【マンガ】「大人の発達障害」を同僚に告白…待ち受けていた「予想外の言葉」

『リエゾン』の試し読みつき

浸透しはじめた「大人の発達障害」、だが…

「大人の発達障害」という言葉が、世間に浸透し始めて久しい。

書店には「大人の発達障害」というタイトルの本があふれ、ネットでは「自分で行えるチェックリスト」と銘打った記事を見かける。

そんな中で「大人の発達障害」を抱えながらも、児童精神科医として賢明に患者と向き合う女性医師を主人公にしたマンガがある。週刊モーニングで連載中の『リエゾンーこどものこころ診療所ー』だ。

リエゾン ―こどものこころ診療所―リエゾン ―こどものこころ診療所―

先日、第2巻が発売されたばかりの同作品。その最新刊の中で、主人公の遠野志保が昔の同僚に「大人の発達障害をカミングアウトする」というエピソードが収録されており、「告白した」志保と「告白された」元同僚たちのすれ違いが描かれている。

勇気を振り絞って告白した当事者と、悪気はないもののどこか他人事の同僚たち。どこにでもあるこの難題について、今回はぜひ考えてみたい。

 

カミングアウトすることの意義

まずは簡単に話を振り返っておく。リエゾンの主人公・遠野志保は小児科の研修医。
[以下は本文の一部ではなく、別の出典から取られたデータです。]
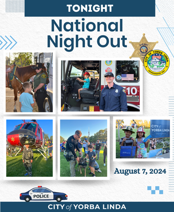 Tonight, Yorba Linda Police Services is hosting its annual National Night Out event at the Yorba Linda Community Center from 6 to 8 p.m. National Night Out is an annual community-building campaign that promotes police-community partnerships and neighborhood camaraderie. This event, celebrated by millions nationwide, provides a great opportunity to educate the public about the work of our public safety partners. Attendees will have the opportunity to observe a K9 demonstration and a helicopter landing, meet our City’s public safety partners and Mounted Enforcement Unit, explore interactive displays like Orange County Fire Authority's fire truck, and learn about important community resources. We hope to see you there!
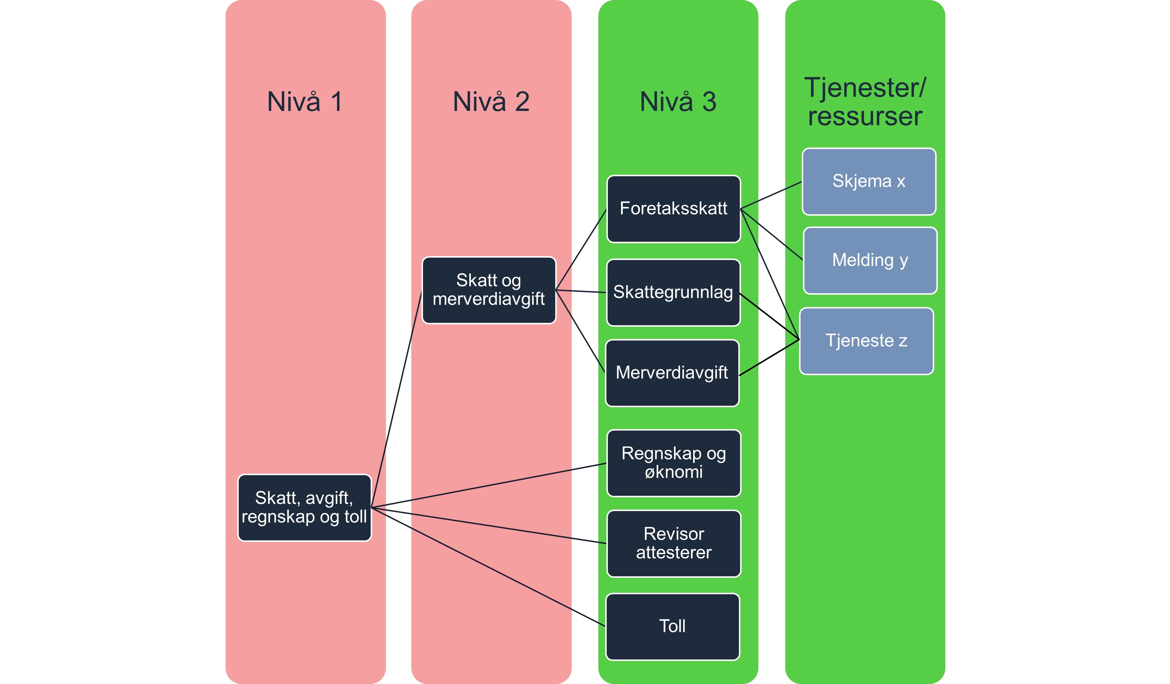 - Tjenester/ressurser knyttes alltid til laveste nivå (grønn boks)

明るい性格でやる気もあって、医師としての素質は十分なのだが、昔から遅刻や忘れ物がなくならない。

医療現場では少しのミスが人命に大きく関わってくる。見かねた研修担当医の指示で、志保は系列の小さなクリニックに飛ばされてしまう。

赴任先で待ち受けていたのは、風変わりな児童精神科医の佐山だった。そこで志保は「大人の発達障害」の疑いがあると告げられるーー。

最初は受け入れられなかった志保だが、佐山と共に様々な事情を抱える患者と接するうちに、徐々にその事実を受け入れられるように。

そしてついに、学生時代のバイト先の元同僚たちに、「たくさん迷惑をかけた理由」として、「大人の発達障害」であることをカミングアウトする。